**ASSIGNMENT**
Reproduce every line of the material below exactly. No pictures belong in the copy.

**DATA FOR THIS EXERCISE**

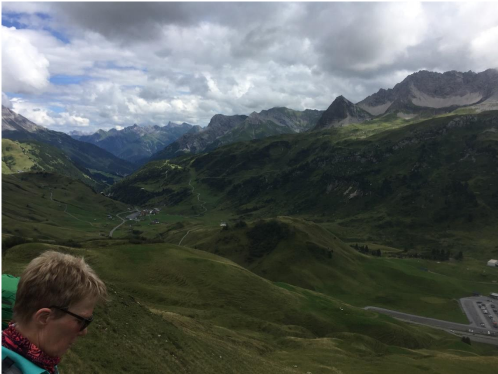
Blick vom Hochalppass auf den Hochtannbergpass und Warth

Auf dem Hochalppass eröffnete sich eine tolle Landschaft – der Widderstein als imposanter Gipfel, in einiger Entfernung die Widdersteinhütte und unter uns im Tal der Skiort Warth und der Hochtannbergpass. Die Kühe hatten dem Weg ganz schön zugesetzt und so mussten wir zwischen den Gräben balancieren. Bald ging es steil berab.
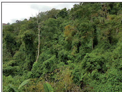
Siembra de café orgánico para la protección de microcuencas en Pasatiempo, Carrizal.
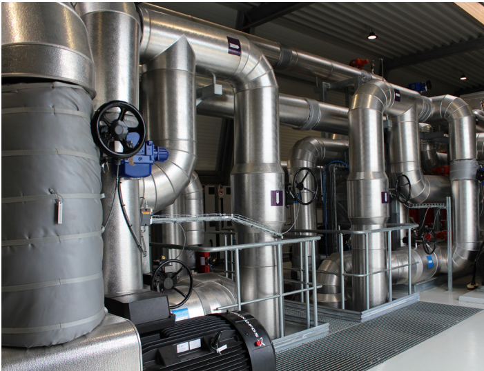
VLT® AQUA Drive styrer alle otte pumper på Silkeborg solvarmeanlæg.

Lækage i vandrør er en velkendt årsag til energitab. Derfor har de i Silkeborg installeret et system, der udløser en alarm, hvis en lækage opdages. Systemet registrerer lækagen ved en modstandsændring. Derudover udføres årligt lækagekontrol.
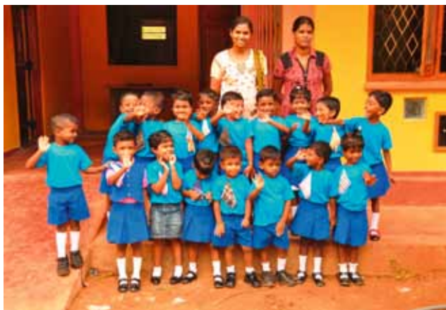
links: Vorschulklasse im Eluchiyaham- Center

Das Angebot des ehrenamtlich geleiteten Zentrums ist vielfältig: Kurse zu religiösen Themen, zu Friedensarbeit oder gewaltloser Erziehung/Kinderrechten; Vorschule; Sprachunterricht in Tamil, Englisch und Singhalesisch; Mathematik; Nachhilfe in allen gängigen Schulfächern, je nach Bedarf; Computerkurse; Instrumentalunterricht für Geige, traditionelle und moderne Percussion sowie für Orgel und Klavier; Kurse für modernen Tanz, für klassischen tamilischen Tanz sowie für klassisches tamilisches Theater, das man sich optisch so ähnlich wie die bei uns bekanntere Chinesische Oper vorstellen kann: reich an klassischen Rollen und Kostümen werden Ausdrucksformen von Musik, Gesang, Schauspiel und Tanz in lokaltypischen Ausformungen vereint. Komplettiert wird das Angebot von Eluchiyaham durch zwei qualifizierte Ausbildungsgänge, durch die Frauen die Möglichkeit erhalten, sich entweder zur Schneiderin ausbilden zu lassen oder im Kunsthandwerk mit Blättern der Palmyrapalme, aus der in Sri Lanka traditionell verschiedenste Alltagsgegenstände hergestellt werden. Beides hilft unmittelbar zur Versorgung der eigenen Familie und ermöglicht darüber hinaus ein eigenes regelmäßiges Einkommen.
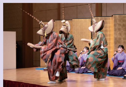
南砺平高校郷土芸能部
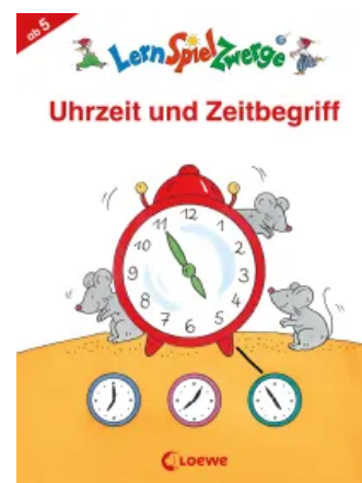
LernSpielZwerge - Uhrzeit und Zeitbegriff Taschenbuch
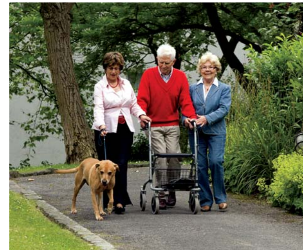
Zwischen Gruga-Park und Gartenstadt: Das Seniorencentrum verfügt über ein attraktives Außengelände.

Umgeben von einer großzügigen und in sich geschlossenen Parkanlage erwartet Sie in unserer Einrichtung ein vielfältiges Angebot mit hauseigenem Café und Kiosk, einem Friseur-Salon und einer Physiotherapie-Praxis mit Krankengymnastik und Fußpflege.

**WRITTEN ANSWER**
Blick vom Hochalppass auf den Hochtannbergpass und Warth

Auf dem Hochalppass eröffnete sich eine tolle Landschaft – der Widderstein als imposanter Gipfel, in einiger Entfernung die Widdersteinhütte und unter uns im Tal der Skiort Warth und der Hochtannbergpass. Die Kühe hatten dem Weg ganz schön zugesetzt und so mussten wir zwischen den Gräben balancieren. Bald ging es steil berab.
Siembra de café orgánico para la protección de microcuencas en Pasatiempo, Carrizal.
VLT® AQUA Drive styrer alle otte pumper på Silkeborg solvarmeanlæg.

Lækage i vandrør er en velkendt årsag til energitab. Derfor har de i Silkeborg installeret et system, der udløser en alarm, hvis en lækage opdages. Systemet registrerer lækagen ved en modstandsændring. Derudover udføres årligt lækagekontrol.
links: Vorschulklasse im Eluchiyaham- Center

Das Angebot des ehrenamtlich geleiteten Zentrums ist vielfältig: Kurse zu religiösen Themen, zu Friedensarbeit oder gewaltloser Erziehung/Kinderrechten; Vorschule; Sprachunterricht in Tamil, Englisch und Singhalesisch; Mathematik; Nachhilfe in allen gängigen Schulfächern, je nach Bedarf; Computerkurse; Instrumentalunterricht für Geige, traditionelle und moderne Percussion sowie für Orgel und Klavier; Kurse für modernen Tanz, für klassischen tamilischen Tanz sowie für klassisches tamilisches Theater, das man sich optisch so ähnlich wie die bei uns bekanntere Chinesische Oper vorstellen kann: reich an klassischen Rollen und Kostümen werden Ausdrucksformen von Musik, Gesang, Schauspiel und Tanz in lokaltypischen Ausformungen vereint. Komplettiert wird das Angebot von Eluchiyaham durch zwei qualifizierte Ausbildungsgänge, durch die Frauen die Möglichkeit erhalten, sich entweder zur Schneiderin ausbilden zu lassen oder im Kunsthandwerk mit Blättern der Palmyrapalme, aus der in Sri Lanka traditionell verschiedenste Alltagsgegenstände hergestellt werden. Beides hilft unmittelbar zur Versorgung der eigenen Familie und ermöglicht darüber hinaus ein eigenes regelmäßiges Einkommen.
南砺平高校郷土芸能部
LernSpielZwerge - Uhrzeit und Zeitbegriff Taschenbuch
Zwischen Gruga-Park und Gartenstadt: Das Seniorencentrum verfügt über ein attraktives Außengelände.

Umgeben von einer großzügigen und in sich geschlossenen Parkanlage erwartet Sie in unserer Einrichtung ein vielfältiges Angebot mit hauseigenem Café und Kiosk, einem Friseur-Salon und einer Physiotherapie-Praxis mit Krankengymnastik und Fußpflege.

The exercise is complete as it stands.